The recommendation of a re-adoption of the system must, of course, proceed from our spiritual fathers, before it is seriously taken up by the inferior clergy or laity. Nor must we shut our eyes to the fact, that however much monasteries were the boast of the unreformed, and might be so of the reformed, Anglican Church, any step taken towards restoring them would, by some, be regarded with suspicion, by others, viewed with the greatest aversion. So intimately are they, in the minds of most, connected with the corruptions of Romanism, that it will be a matter of great difficulty to make the contrary clear. Though we may again and again quote the universal testimony of the early Church in favour of the monastick life, though monasteries abound in those Churches which view Rome with as much dislike as does the most bigoted Protestant, though we may bring forward passages in which Divines of all classes, in our own Church, have spoken of their re-introduction as a desirable thing, from Bramhall and Thorndike down to Latimer and Burnet, the prejudice against them will be as obstinate, the outcry as clamourous, as ever.

A positive recommendation from the highest authority in the Church will doubtless, in time, overcome opposition; till then, it may, perhaps, be

allowable to endeavour to show its unreasonableness, and to point out some of the many advantages which a revival of the old system would bring with it. It seems also allowable to consider some of those matters of detail, such as the question of vows, and the connexion of religious houses with the parochial system, which must some day be settled, and on which there is a difference of opinion, even between those who agree on the main subject. The writer desires to assume no higher a tone in discussing these topicks than is consistent with that obedience which a priest owes to his superiors, and that deference which he is desirous of evincing towards his brethren; and the conversational form in which his pages are thrown, may sufficiently show that he has no desire either to dictate or to dogmatize.

While he can only wish that some more able hand had undertaken the task, he trusts that, if he shall not have succeeded in benefiting the cause it was his wish to support, he will, at least, escape being one of those injudicious advocates, who by their folly sometimes defeat or delay a scheme involving the interests which they thought to serve.

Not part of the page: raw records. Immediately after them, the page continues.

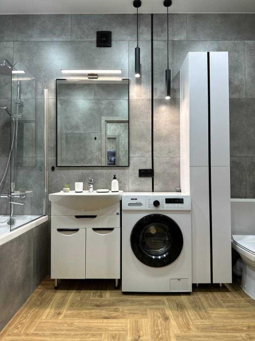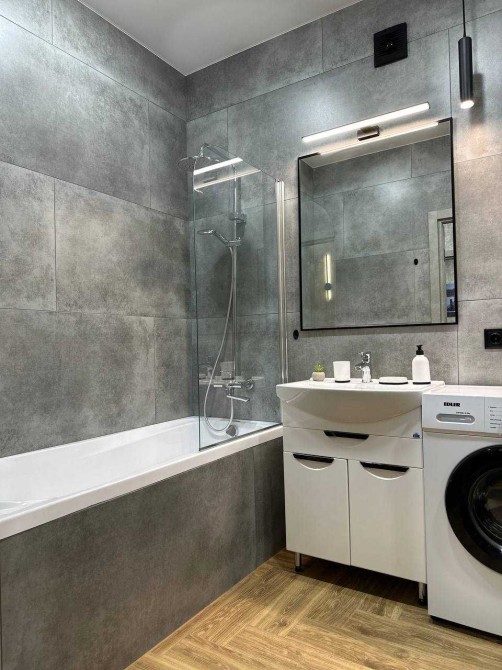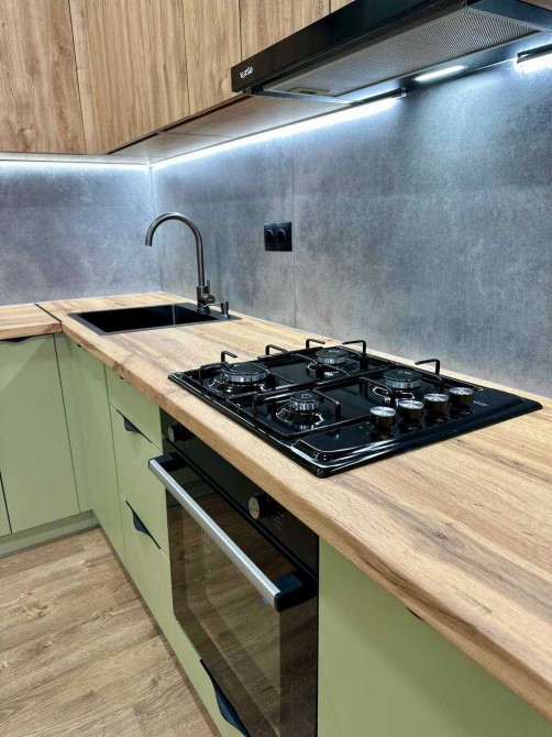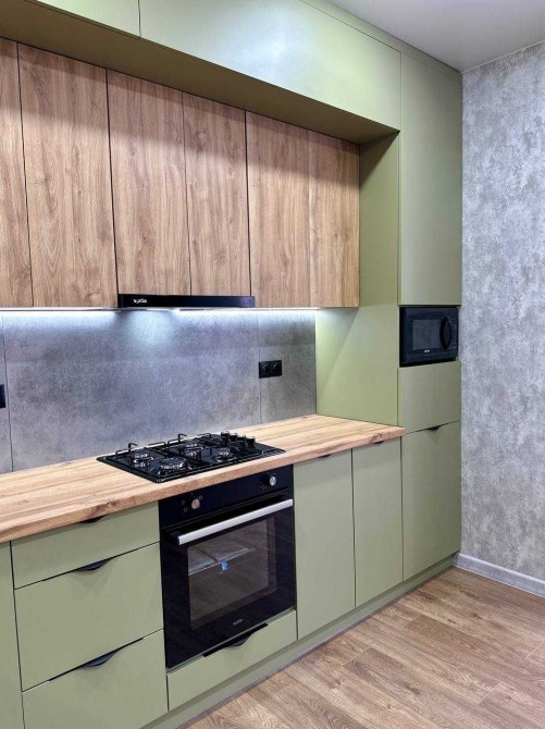 вся вбудована техніка нова: холодильник, посудомийна машина, варильна поверхня, духова шафа, витяжка, мікрохвильова піч, пральна машина
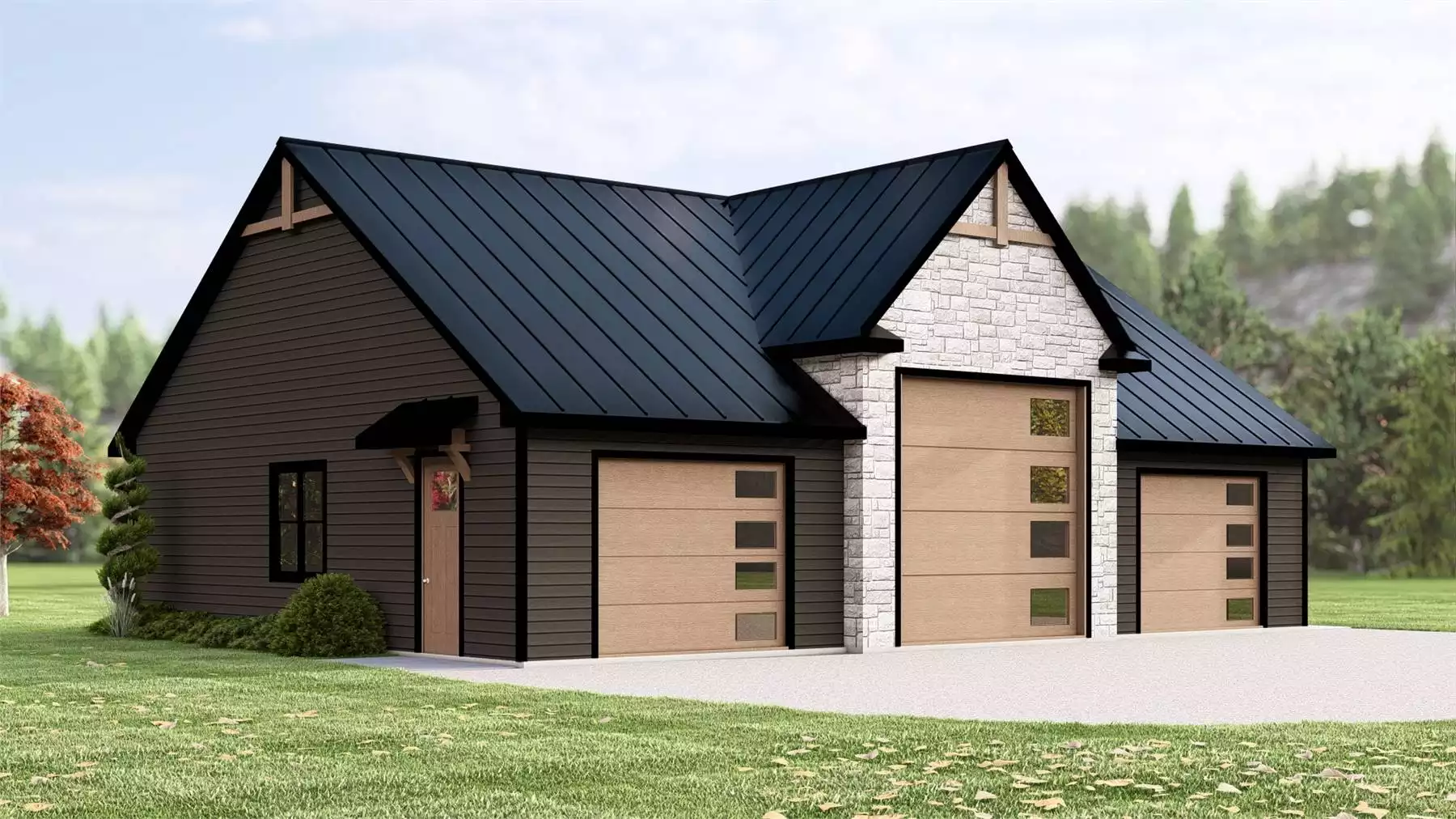 Jasper Creek is a versatile 3-car garage plan designed to combine functionality, storage, and modern curb appeal in a compact footprint. Offering 1,866 square feet, this detached garage provides ample room for vehicles, tools, and seasonal equipment, making it ideal for homeowners who need extra storage or workspace. The front-entry layout allows for easy driveway access, while the interior includes a dedicated storage area to keep everything organized and out of the way. With 10-foot main floor ceiling heights, the design accommodates larger vehicles, overhead storage, or workshop setups. The exterior blends contemporary, modern, and Craftsman influences, highlighted by a steep roof pitch for added architectural interest. This garage plan works well as a standalone structure, home addition, or companion building on rural or suburban properties. Jasper Creek is a smart solution for expanding storage without sacrificing style.
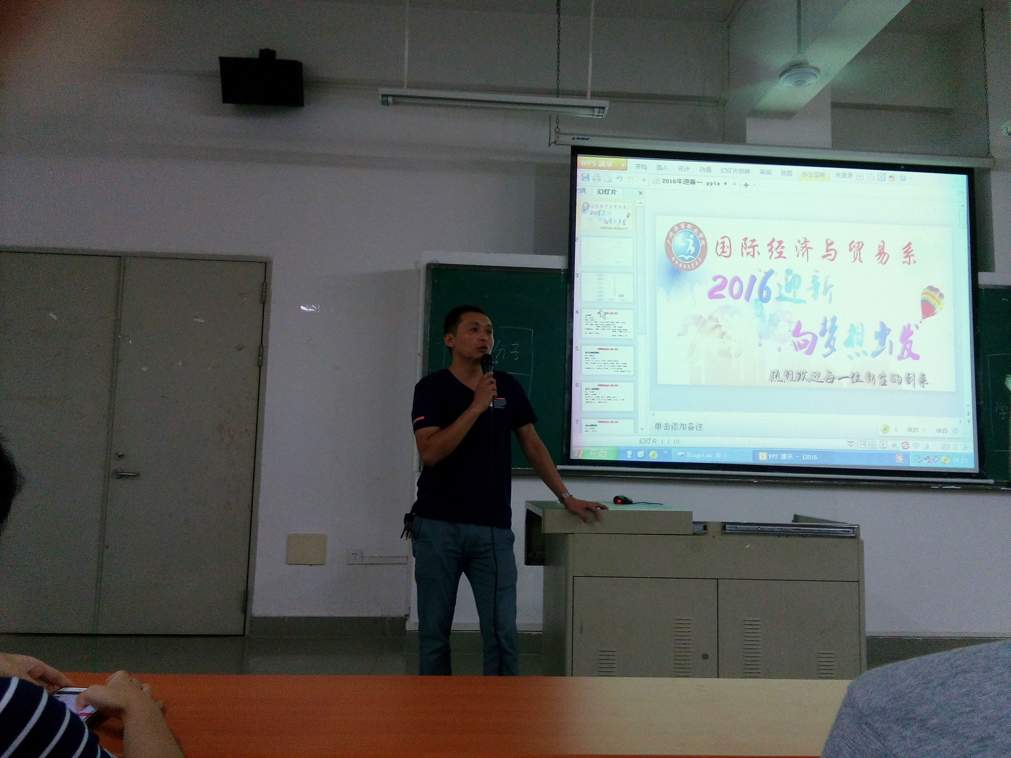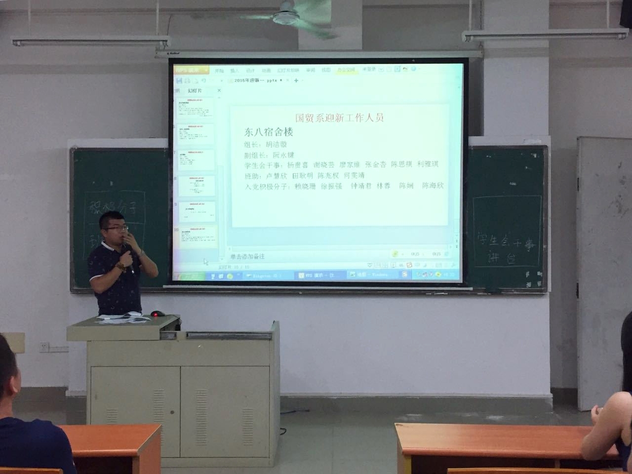 为更好的完成一年一度的迎新工作,2016年9月8日晚上七点, 国际经济与贸易系动员大会于2016年9月8日晚上7点在博学楼A207召开. 系学工助理孔凡龙、学生会指导老师吴仕坚及各级辅导员出席动员大会.

The points on which the following pages chiefly insist are these:

That the Dissolution of monasteries under Henry

VIII. was a horrible crime; as involving not only the deepest sacrilege, but also cruelty to the tenants and injustice to the founders: that sacrilege has always been regarded, even in its lower degrees, by the Church, as one of the blackest of sins: that the curse by which every religious foundation was guarded, has followed the spoilers and their descendants, in a most remarkable manner, to the present day that the defences urged in exculpation of Henry's proceedings, from the superstition, and abuses of monasteries, are totally false in point of fact, and if they were true, irrelevant to the matter: that the Dissolution was forced on, not approved by, the Church: that the testimonies in favour of the general good discipline of the dissolved houses is the stronger, as coming from the parties most interested in their downfall: that monasteries have from the earliest times existed in every branch of the Church : that the blessing of the intercessory prayer constantly made in them is incalculable: that the Church system, involving nightly, as well as daily, supplication, can no where else be fully acted out: that a body of men, deeply read in ecclesiastical history and controversy, and surrounded by an atmosphere of Church feeling, would be fostered in them, which would be ready to oppose any new at

tack of heresy or infidelity: that colleges cannot, in this respect, possess the same advantages: that selfdiscipline could in religious houses be practised more regularly, and closer communion with God be more attainable that they would be invaluable as abodes for young men between their leaving the University and entering on the cure of souls, as supplying a course of training, intellectual, moral, and religious: that aged priests might be thus provided with an asylum, who now, though physically unequal to their duty, must either retain it, or be reduced to poverty: that important ecclesiastical works might here be undertaken with the advantage of uninterrupted opportunities and leisure, hallowed by religion, and a division of labour: that an asylum would be furnished for such as were without friends, or who, in the decline of life, wished to devote all their time and thoughts to the preparation for their approaching change that those, who are immersed in business, or otherwise entangled in worldly pursuits, might here, in such seasons as Lent or Advent, find a place of salutary retirement: that the diminution of personal and other expences on the part of the inmates would set free a large portion of wealth for the service of God: that the poor might be tended in them, both spiritually and corporeally; education

« PreviousContinue »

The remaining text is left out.